MÜSLÜMAN coğrafya hakkında
konuşmak, bir Müslüman olarak kendi gerçeğinden, akrabandan, mahallenden söz
açmak demek…
Üstelik
bütün gerçekliğiyle aynadaki bir hâlinden bahsetmek demek…
Afganistan,
Müslüman coğrafyada iki temel özelliğiyle şöhret bulmuştur: İç savaş şehveti ve
İslâm hakkında en geri kalmış ve bedevî yorumlu dindarlık kültü…
Yani
ikisi de kendi halkına zulmeden, iflâh olmaz ve kendini zehirleyen biri
zihinsel, diğeri ise davranışsal tutum...
Milyonlarca
Müslümanın kanı kimin elinde, belli değil.
Bir
yanda İslâm adına zulmederek kadına fanatik mobbing seansları, bir yanda dünya
uyuşturucu tarlalarına eskortluk yapan hoşgörülü dindarlık esnekliği… Çarpık
yorumlanmış şeriat modelleri...
Yani
Afganistan, Müslüman coğrafyayı üzen bir aşiretler savaşı memleketi...
Bir
de küresel vampirlerin, kültür akbabalarının işgal ettiği, düşman fuarına
dönüşmüş Afganistan… Ve bu işgale direnen halk ile milisleri… Yani millîlik ve
bağımsızlık konusunda sicili kahramanlıkla dolu Afganistan’ın.

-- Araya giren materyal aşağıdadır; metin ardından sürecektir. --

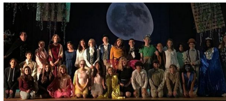
The cast of the Spring play poses on stage.

Hattâ “Afgan
Cihadı” başlığıyla Müslüman dünyanın bir bağımsızlık marşı vardı.
Kim
bilir, belki de Afganistan bundan şikâyetçi değil. Peki, ya Türkiye?
Türkiye
niçin Afganistan’da? Kardeşlik, çıkarlar, zaruretler listesinde hangisi samimî,
hangisi gerçekçi?
Afganistan
sınır komşumuz değil; gönül coğrafyasında var, fakat az görüşülen, uzaktan bir akraba
gibi… Aslında stratejik ortaklık açısından da hem cazip değil, hem de Afgan
halkı buna çok hevesli değil…
Fakat
Türkiye ısrarlı. Hattâ Afganistan’a rağmen tek taraflı aşk gibi umutlu.
Neden?
Bence
bunun tek cevabı var: “Yeni Afganistan”…
Türkiye,
“Yeni Afganistan” tezine destek veriyor ve Yeni Afganistan’ın inşâsında rol
almak istiyor. Ekonomik ve politik stratejisi de var. Ne diyelim, “büyük devlet
refleksi”!
Fakat
Afganistan daha “devlet” değil...
Yani
orantısız hâller var.
Unutmayalım, büyük küçüğü ya yutar, ya elinden tutar. İkisinde de kâr yoktur; sorumluluğun bedeli vardır.